TASK TO CARRY OUT
Could you copy exactly the lines from the one containing "Tableau Un vaste" through the last line of the records, leaving out every picture?

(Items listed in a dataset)
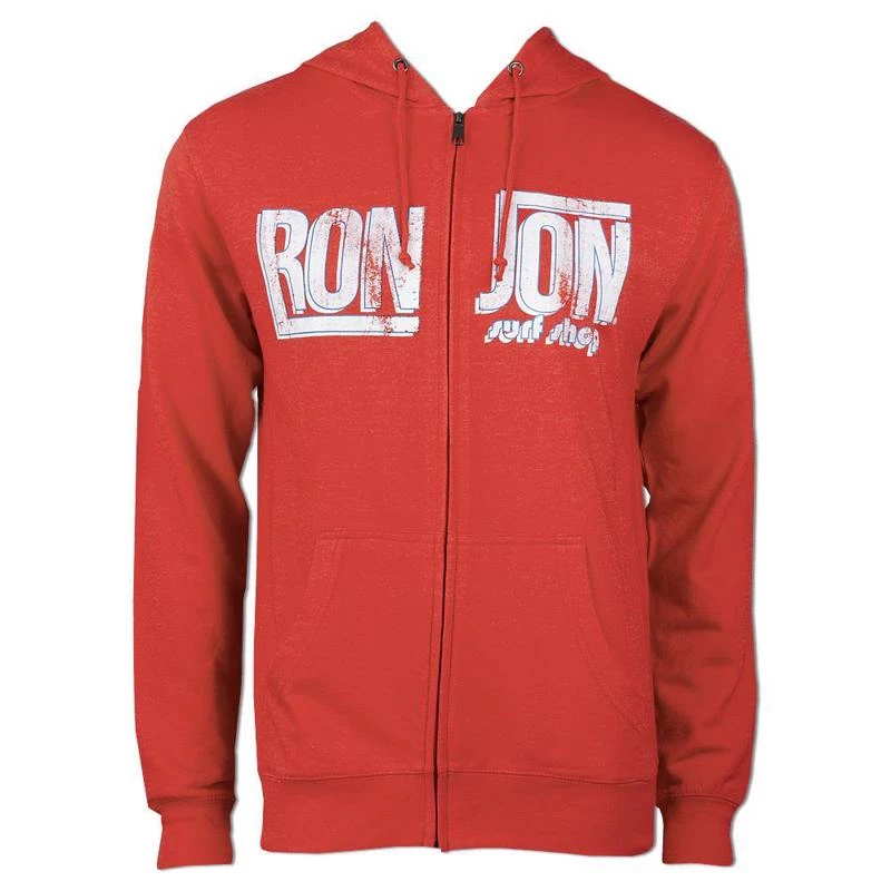 For those times when a pullover hoodie just won’t do! The Ron Jon Split Name Zip Hoodie features a full front zip closure and distressed, aged looking lettering.
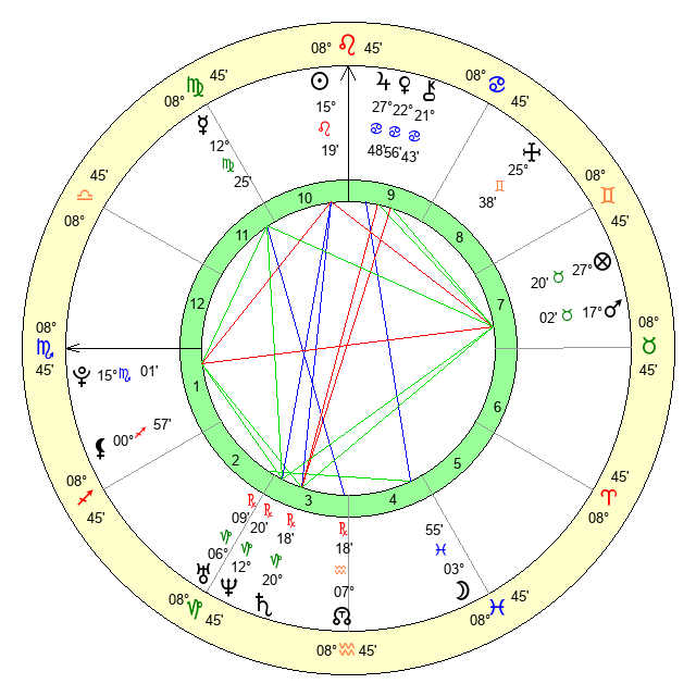 | Mercury | 12 Virgo 25 | 4 Leo 47 | 11 Virgo 43 |
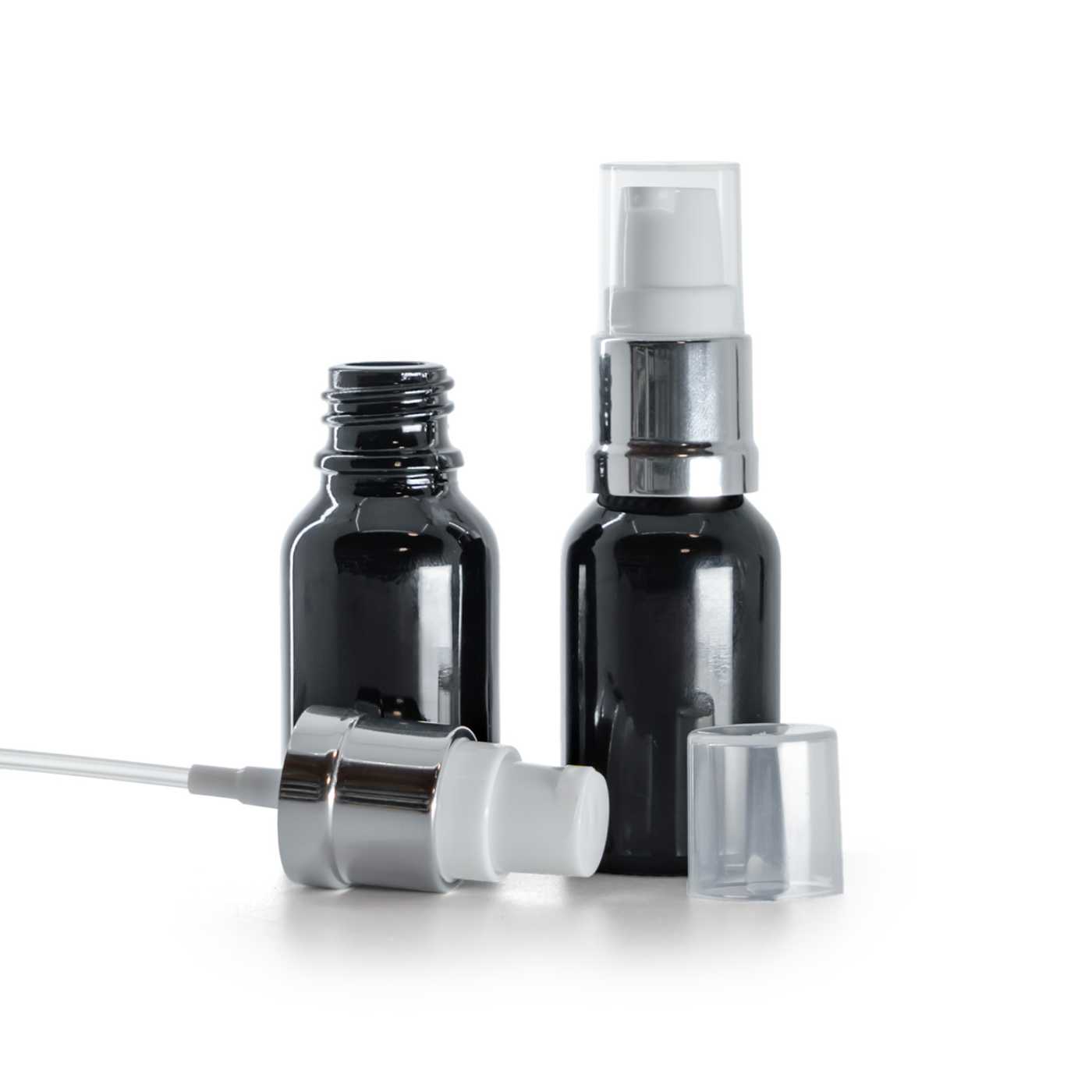Glänzend schwarze Glasflasche, glänzend silberweiße Pumpe, 15 ml
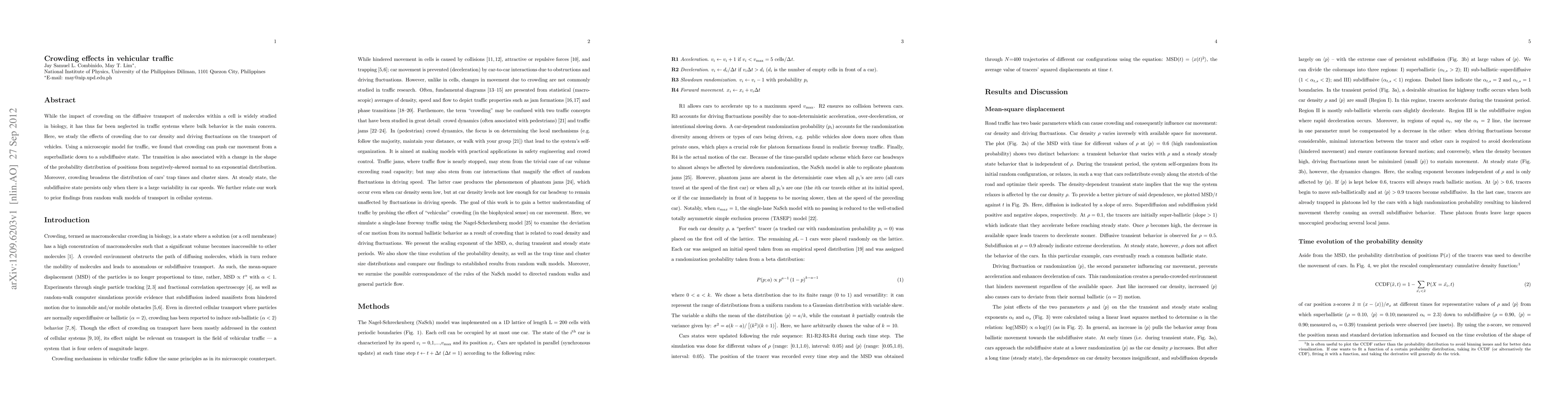 The paper introduces a novel approach to understanding vehicular traffic behavior through the lens of crowding effects, using a microscopic traffic model to demonstrate transitions in car movement states.
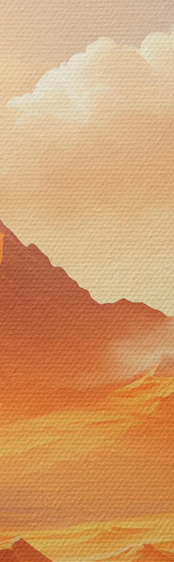 Tableau Un vaste paysage désertique orange avec des montagnes rocheuses imposantes sous un ciel brumeux et ensoleillé, parsemé de nuages vaporeux. Nr m01122
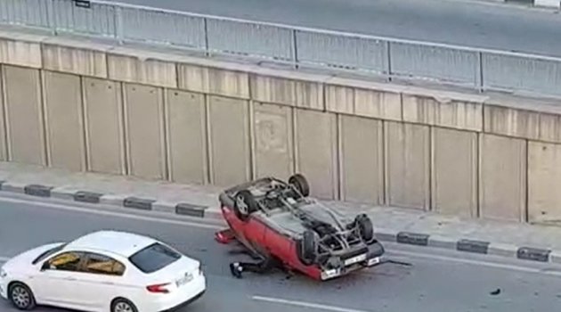 Manisa'nın Yunusemre ilçesinde direksiyon hakimiyetini kaybeden sürücü takla atan aracından sürünerek çıktı.
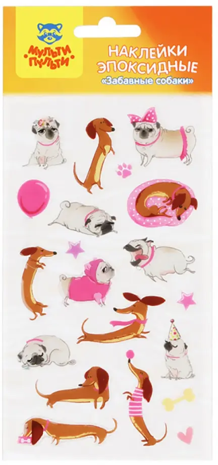 Эпоксидные наклейки «Забавные собаки» - это отличный материал для творчества и игры. В наборе «Мульти-Пульти» 19 наклеек, размер листа 110*220 мм. Наклейки можно использовать для украшения и декорирования, а также для игр, оформления рисунков, открыток. Эпоксидные наклейки обладают выпуклой, прозрачной и гладкой поверхностью, приятной наощупь. Комбинируя наклейки из различных наборов «Мульти-Пульти» можно придумать целые творческие сюжеты!
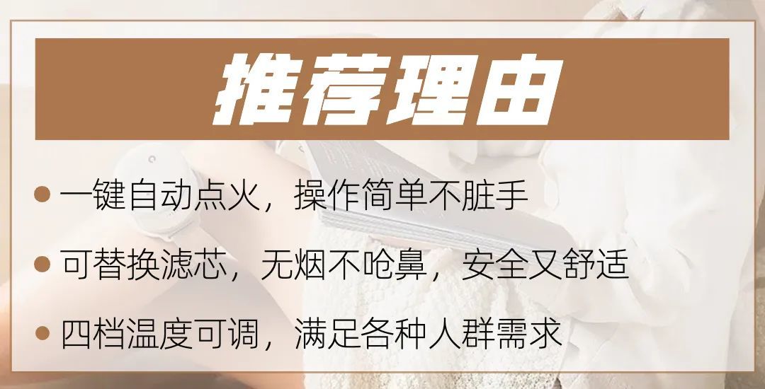 而且产品无烟,在家里、办公室、图书馆等场所都可以用。

RESULT
 Tableau Un vaste paysage désertique orange avec des montagnes rocheuses imposantes sous un ciel brumeux et ensoleillé, parsemé de nuages vaporeux. Nr m01122
 Manisa'nın Yunusemre ilçesinde direksiyon hakimiyetini kaybeden sürücü takla atan aracından sürünerek çıktı.
 Эпоксидные наклейки «Забавные собаки» - это отличный материал для творчества и игры. В наборе «Мульти-Пульти» 19 наклеек, размер листа 110*220 мм. Наклейки можно использовать для украшения и декорирования, а также для игр, оформления рисунков, открыток. Эпоксидные наклейки обладают выпуклой, прозрачной и гладкой поверхностью, приятной наощупь. Комбинируя наклейки из различных наборов «Мульти-Пульти» можно придумать целые творческие сюжеты!
 而且产品无烟,在家里、办公室、图书馆等场所都可以用。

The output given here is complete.